_Task inputs_:
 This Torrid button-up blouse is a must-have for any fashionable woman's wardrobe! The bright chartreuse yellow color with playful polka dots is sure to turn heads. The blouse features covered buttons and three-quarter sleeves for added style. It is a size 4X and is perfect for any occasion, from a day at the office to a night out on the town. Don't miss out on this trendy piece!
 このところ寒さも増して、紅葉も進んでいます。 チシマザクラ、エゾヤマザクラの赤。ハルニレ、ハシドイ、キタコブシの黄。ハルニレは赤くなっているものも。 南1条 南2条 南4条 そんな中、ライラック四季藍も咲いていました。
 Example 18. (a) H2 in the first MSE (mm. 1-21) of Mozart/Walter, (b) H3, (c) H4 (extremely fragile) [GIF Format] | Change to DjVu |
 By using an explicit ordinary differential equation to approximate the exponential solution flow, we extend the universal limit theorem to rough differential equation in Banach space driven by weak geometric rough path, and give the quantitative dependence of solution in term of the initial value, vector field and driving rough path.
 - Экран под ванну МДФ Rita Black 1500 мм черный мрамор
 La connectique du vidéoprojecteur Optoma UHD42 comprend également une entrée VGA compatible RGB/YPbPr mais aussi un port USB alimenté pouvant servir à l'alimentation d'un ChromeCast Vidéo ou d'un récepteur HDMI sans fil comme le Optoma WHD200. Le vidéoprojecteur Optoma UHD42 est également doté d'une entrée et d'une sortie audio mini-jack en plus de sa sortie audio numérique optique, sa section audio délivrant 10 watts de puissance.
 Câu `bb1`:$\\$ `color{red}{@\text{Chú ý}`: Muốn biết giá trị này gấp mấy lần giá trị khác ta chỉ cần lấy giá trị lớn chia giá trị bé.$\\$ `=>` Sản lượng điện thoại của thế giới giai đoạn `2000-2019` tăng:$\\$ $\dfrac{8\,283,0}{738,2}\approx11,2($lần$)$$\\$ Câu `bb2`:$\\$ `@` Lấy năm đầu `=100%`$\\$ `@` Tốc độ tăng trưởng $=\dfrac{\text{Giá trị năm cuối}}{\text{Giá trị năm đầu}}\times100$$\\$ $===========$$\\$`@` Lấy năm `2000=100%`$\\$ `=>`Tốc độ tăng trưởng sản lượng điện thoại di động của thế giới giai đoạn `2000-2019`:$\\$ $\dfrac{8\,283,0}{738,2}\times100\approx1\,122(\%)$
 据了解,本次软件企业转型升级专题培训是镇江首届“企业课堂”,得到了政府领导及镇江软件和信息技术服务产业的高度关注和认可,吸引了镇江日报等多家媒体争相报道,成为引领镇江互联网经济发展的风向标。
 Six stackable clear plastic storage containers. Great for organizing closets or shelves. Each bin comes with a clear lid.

_Instructions to follow_:
Set down each line from the line containing "- Экран под" through the final line of the data, exactly and with nothing added.

_Written response_:
 - Экран под ванну МДФ Rita Black 1500 мм черный мрамор
 La connectique du vidéoprojecteur Optoma UHD42 comprend également une entrée VGA compatible RGB/YPbPr mais aussi un port USB alimenté pouvant servir à l'alimentation d'un ChromeCast Vidéo ou d'un récepteur HDMI sans fil comme le Optoma WHD200. Le vidéoprojecteur Optoma UHD42 est également doté d'une entrée et d'une sortie audio mini-jack en plus de sa sortie audio numérique optique, sa section audio délivrant 10 watts de puissance.
 Câu `bb1`:$\\$ `color{red}{@\text{Chú ý}`: Muốn biết giá trị này gấp mấy lần giá trị khác ta chỉ cần lấy giá trị lớn chia giá trị bé.$\\$ `=>` Sản lượng điện thoại của thế giới giai đoạn `2000-2019` tăng:$\\$ $\dfrac{8\,283,0}{738,2}\approx11,2($lần$)$$\\$ Câu `bb2`:$\\$ `@` Lấy năm đầu `=100%`$\\$ `@` Tốc độ tăng trưởng $=\dfrac{\text{Giá trị năm cuối}}{\text{Giá trị năm đầu}}\times100$$\\$ $===========$$\\$`@` Lấy năm `2000=100%`$\\$ `=>`Tốc độ tăng trưởng sản lượng điện thoại di động của thế giới giai đoạn `2000-2019`:$\\$ $\dfrac{8\,283,0}{738,2}\times100\approx1\,122(\%)$
 据了解,本次软件企业转型升级专题培训是镇江首届“企业课堂”,得到了政府领导及镇江软件和信息技术服务产业的高度关注和认可,吸引了镇江日报等多家媒体争相报道,成为引领镇江互联网经济发展的风向标。
 Six stackable clear plastic storage containers. Great for organizing closets or shelves. Each bin comes with a clear lid.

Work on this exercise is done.